Perform an in-place Alltoall().

Parameters:
  • buffer[inout] Input and output buffer initially containing the local vector slices. Will be replaced with the assembled slices.

  • count[in] Length of each slice in sendbuf in elements of type T. buffer should be count * comm.size() elements.

  • comm[in] The communicator fo this all-to-all operation.

  • algo[in] Request a particular all-to-all algorithm.

template<typename Backend, typename T>
void NonblockingAlltoall(const T *sendbuf, T *recvbuf, size_t count, typename Backend::comm_type &comm, typename Backend::req_type &req, typename Backend::alltoall_algo_type algo = Backend::alltoall_algo_type::automatic)

Perform a nonblocking Alltoall().

Parameters:
  • sendbuf[in] Buffer containing the local vector slices.

  • recvbuf[out] Buffer for the assembled slices.

  • count[in] Length of each slice in sendbuf in elements of type T. sendbuf and recvbuf should be count * comm.size() elements.

  • comm[in] The communicator for this all-to-all operation.

  • req[out] Request object for the asynchronous operation.

  • algo[in] Request a particular all-to-all algorithm.

template<typename Backend, typename T>
void NonblockingAlltoall(T *buffer, size_t count, typename Backend::comm_type &comm, typename Backend::req_type &req, typename Backend::alltoall_algo_type algo = Backend::alltoall_algo_type::automatic)

Perform a non-blocking in-place Alltoall().

Parameters:
  • buffer[inout] Input and output buffer initially containing the local vector slices.
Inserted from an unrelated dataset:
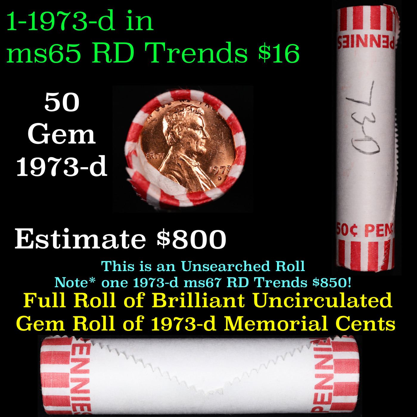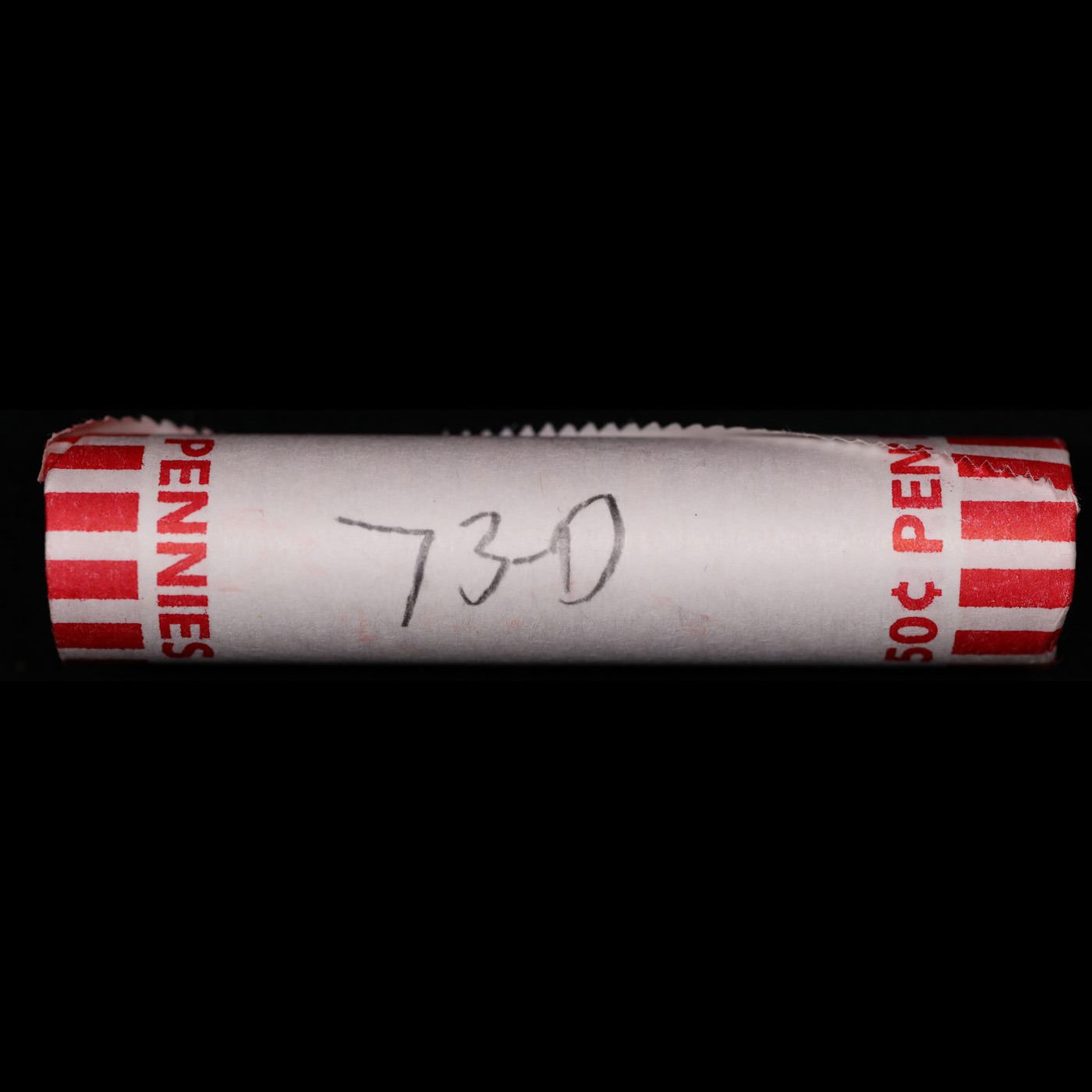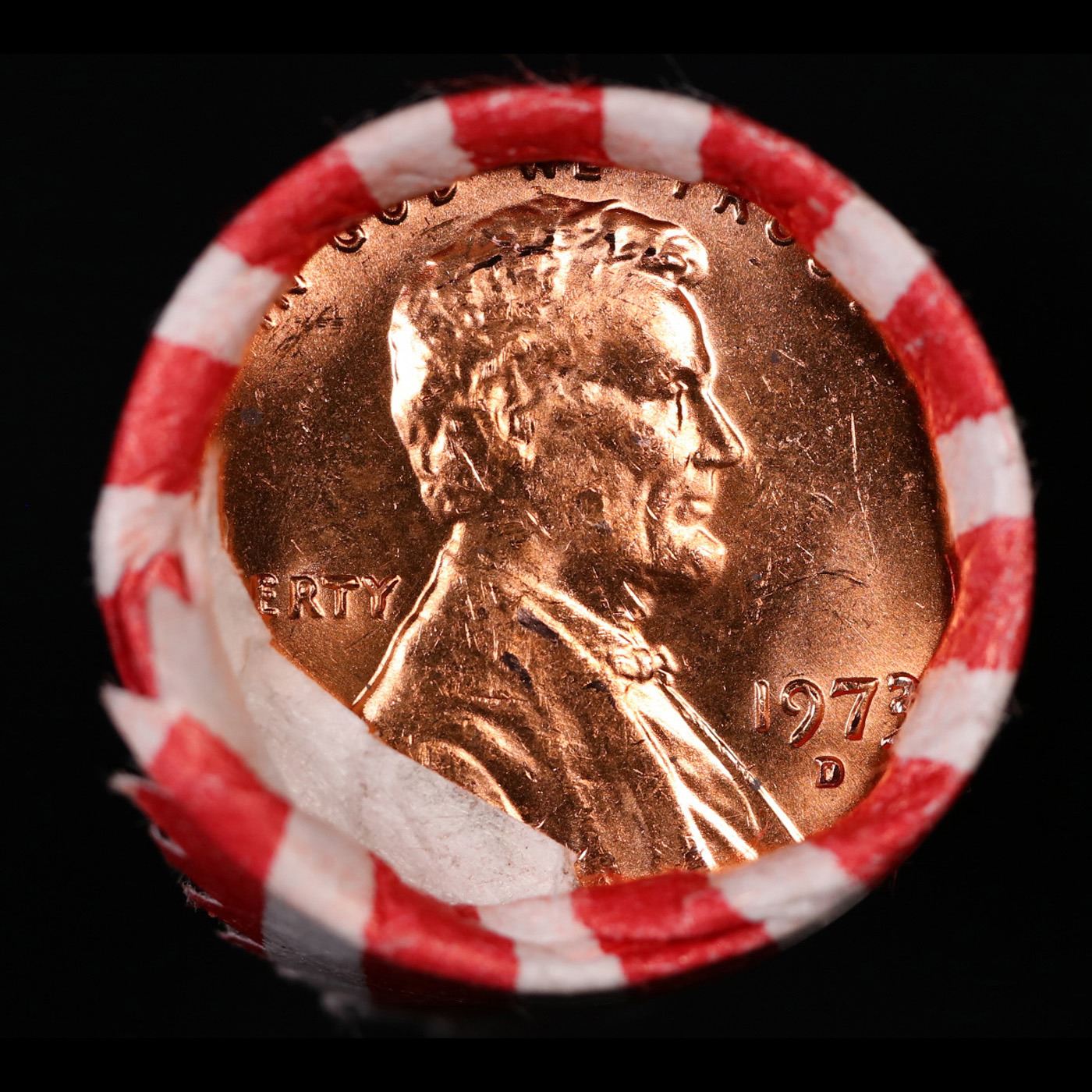 Shotgun Lincoln 1c roll, 1973-d 50 pcs Bank Wrapper.. A terrific Shotgun roll of Lincoln cents. Most if not all coin should be cherry red.

Will be replaced with the assembled slices.

  • count[in] Length of each slice in sendbuf in elements of type T. buffer should be count * comm.size() elements.

  • comm[in] The communicator fo this all-to-all operation.

  • req[out] Request object for the asynchronous operation.

  • algo[in] Request a particular all-to-all algorithm.

template<typename Backend, typename T>
void Alltoallv(const T *sendbuf, std::vector<size_t> send_counts, std::vector<size_t> send_displs, T *recvbuf, std::vector<size_t> recv_counts, std::vector<size_t> recv_displs, typename Backend::comm_type &comm, typename Backend::alltoallv_algo_type algo = Backend::alltoallv_algo_type::automatic)

Perform a vector Alltoall().

Parameters:
  • sendbuf[in] Buffer containing the local vector slices.

  • send_counts[in] Length of each slice in sendbuf in elements of type T.

  • send_displs[in] Offsets, in elements of type T, into sendbuf where the data for the corresponding rank begins.

  • recvbuf[out] Buffer for the assembled slices.

  • recv_counts[in] Length of each slice that will be received in recvbuf in elements of type T.

  • recv_displs[in] Offsets, in elements of type T, into recvbuf where data from the corresponding rank should be received.

  • comm[in] Communicator for this all-to-all operation.

  • algo[in] Request a particular vector all-to-all algorithm.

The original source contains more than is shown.